PF, Don't scrap the idea - just don't drop the floor... Lower it. Lowering would be cheaper too probably. Since you didn't answer my questions originally, this is all I offer


----------



## tattman98 (Jun 29, 2011)

I don't know, as crazy as I am I don't think I would even try this. I had enough trouble with a bubble machine that wouldn't stay put two years ago. That thing has been put on the back burner to never be used again.


----------



## fontgeek (Jul 24, 2006)

Rather than dropping or lowering the people, how about adding sound effects a a creaky walk way, then add a physical blow to the underside of the walkway. The people will hear the creaks and groans, and then feel the thump under their feet like something is giving way/breaking. You might look at something like a "Buttkicker". It's a powerful transducer used on sound stages and in some people's homes to add the vibrations that come with powerful subsonic shocks like you get with thunder, a dinosaur's footstep, an explosion, etc. The creaking and groaning of the walkway will tell the people that the walkway has weaknesses, and the big thump will startle them into thinking that the walkway is breaking down beneath them. You can add to this fear by having dangling "support rods or wires from the ceiling down to the railings, with some fastened, but many, if not most, just dangling with broken ends. You can superglue or hot glue connections (intact or brtoken) to the railing. Make sure any broken ones are smooth enough so that nobody can get cut or injured on them. You can paint them up to look rusted away.


----------



## QueenRuby2002 (Oct 23, 2011)

One thing no one has pointed out but I'm going to is the ADA. I'm not sure about your state but you could plan this out and spend all that money just to be shut down because you don't comply. I mean all that injury stuff is bad too of corse but unless your grandfathered in all new haunts have to be ADA compliant. Sorry not only did I take a class on this recently but for the thired time I had to redo the plan for my maze because of it.


----------



## Offwhiteknight (Sep 17, 2008)

If done right, it could be terrifying.

*SPOILERS follow for Dark Harbour*
Queen Mary's Dark Harbour has something that sounds similar. Within the ship there is a catwalk that is made into part of one of the interior mazes. They did do a trick where the catwalk "dropped" about an inch. In reality, it was a false second floor atop the real catwalk that you couldn't see in the dark. The real floor/catwalk never moved, it was just the false floor that dropped maybe an inch.

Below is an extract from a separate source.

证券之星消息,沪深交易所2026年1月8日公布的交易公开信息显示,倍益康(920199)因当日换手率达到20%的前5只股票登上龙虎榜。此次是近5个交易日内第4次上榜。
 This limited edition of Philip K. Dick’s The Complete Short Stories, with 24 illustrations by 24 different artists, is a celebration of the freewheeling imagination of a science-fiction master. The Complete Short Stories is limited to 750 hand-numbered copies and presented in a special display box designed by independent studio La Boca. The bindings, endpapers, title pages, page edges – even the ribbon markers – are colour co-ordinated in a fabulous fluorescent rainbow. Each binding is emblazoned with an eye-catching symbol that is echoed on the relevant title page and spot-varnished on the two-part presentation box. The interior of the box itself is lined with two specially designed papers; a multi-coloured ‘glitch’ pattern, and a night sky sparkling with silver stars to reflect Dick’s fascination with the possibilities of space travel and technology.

A big startle scare, and one that utterly terrified my wife who is afraid of heights and *hates* that part of the ship/maze anyway. Made her cry. I liked it though.

*end SPOILERS*
The big thing to remember is of course safety, but don't forget that a drop of a single inch will not only feel much bigger than it really is, but will serve as enough of a startle/shock that it will get the affect you want more safely than say, a six inch drop.

Erik J.


----------



## Lord Homicide (May 11, 2012)

tattman98 said:


> I don't know, as crazy as I am I don't think I would even try this. I had enough trouble with a bubble machine that wouldn't stay put two years ago. That thing has been put on the back burner to never be used again.

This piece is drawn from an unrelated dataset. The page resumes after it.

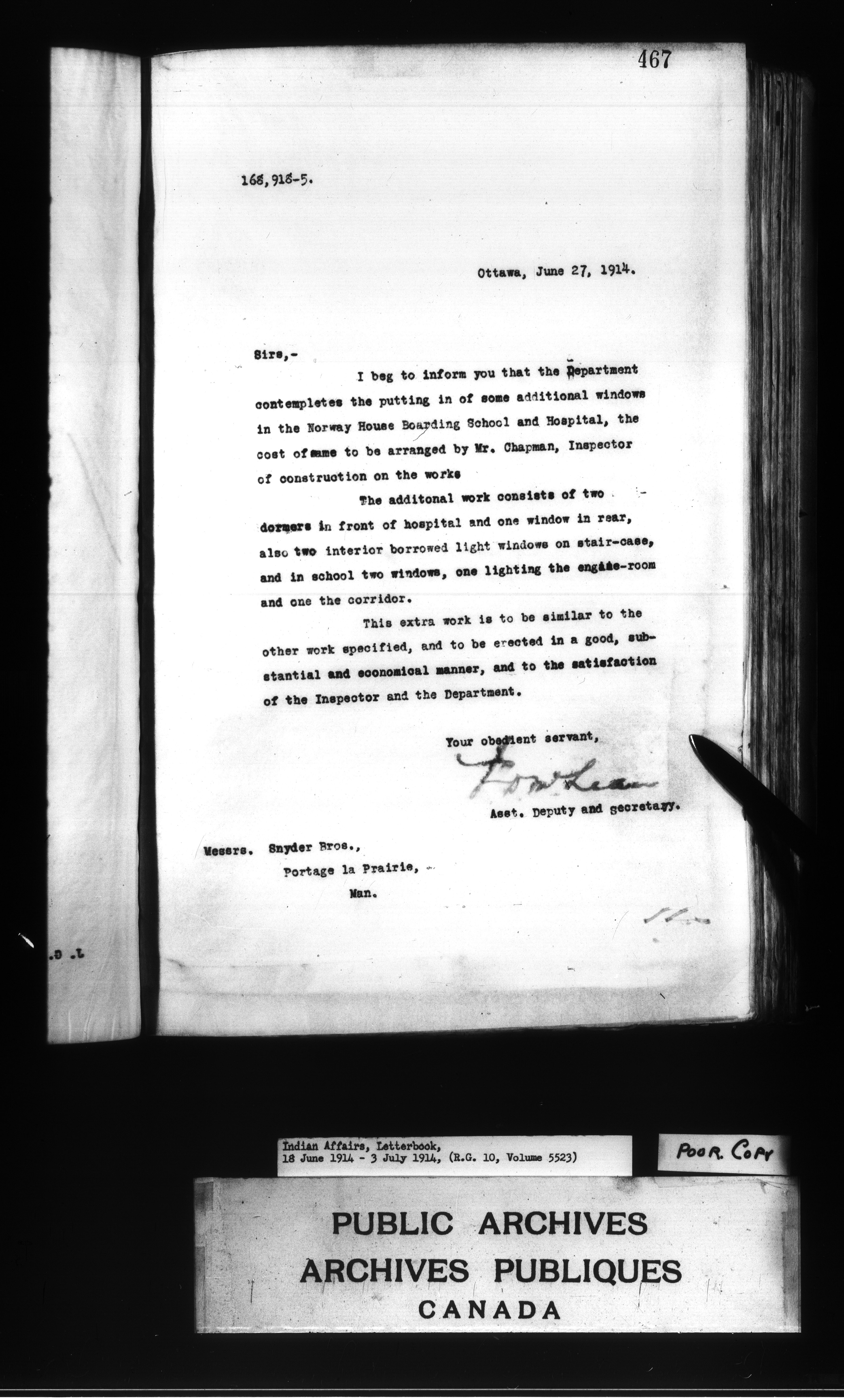 Department of Indian Affairs : Departmental letterbooks : C-8885

Man, you have to tell me how a bubble machine got you into trouble. I'm dumbfounded.


----------



## fontgeek (Jul 24, 2006)

LordHomicide, it's easy to see how, just be cynical and think the worst case scenario.
Someone getting bubbles in their eyes, someone having a skin or respiratory reaction to the bubbles, someone tripping on the machine, it's cord, or touching some part of it that got hot, someone getting hurt because they "couldn't" see because of the bubbles and ran into something, fell over something, etc. Sometimes it's simple stuff like the guest getting caught doing something they weren't supposed to do, and rather than accept the responsibility for their actions they cause a scene and throw up a diversion/smokescreen by pointing at a machine, prop, or actor and try to blame them.
That's the major reason haunts and amusement parks have had to post such elaborate rules, post security throughout, and buy tons of insurance. People want to scream about "big brother" and some company or business trying to play God, but the reality is you have to go out of your way to tell people not to be stupid and to treat their surroundings with respect. Sad but true.

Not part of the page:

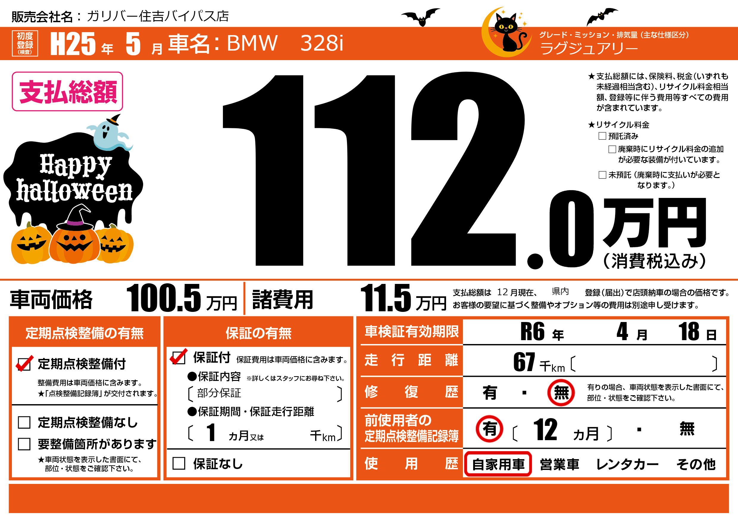 | 走行キロ | 6.7万km | 初年度登録 | H25年5月 |

But like you, I'm curious to hear about it.


----------



## Lord Homicide (May 11, 2012)

fontgeek said:


> LordHomicide, it's easy to see how, just be cynical and think the worst case scenario.


Haha, you sound just like me  I was trying not to dive into that yet



fontgeek said:


> ...and buy tons of insurance.


Yep and that insurance is dumped right into the ticket prices... bend over consumer.

You said it, sad but true.


----------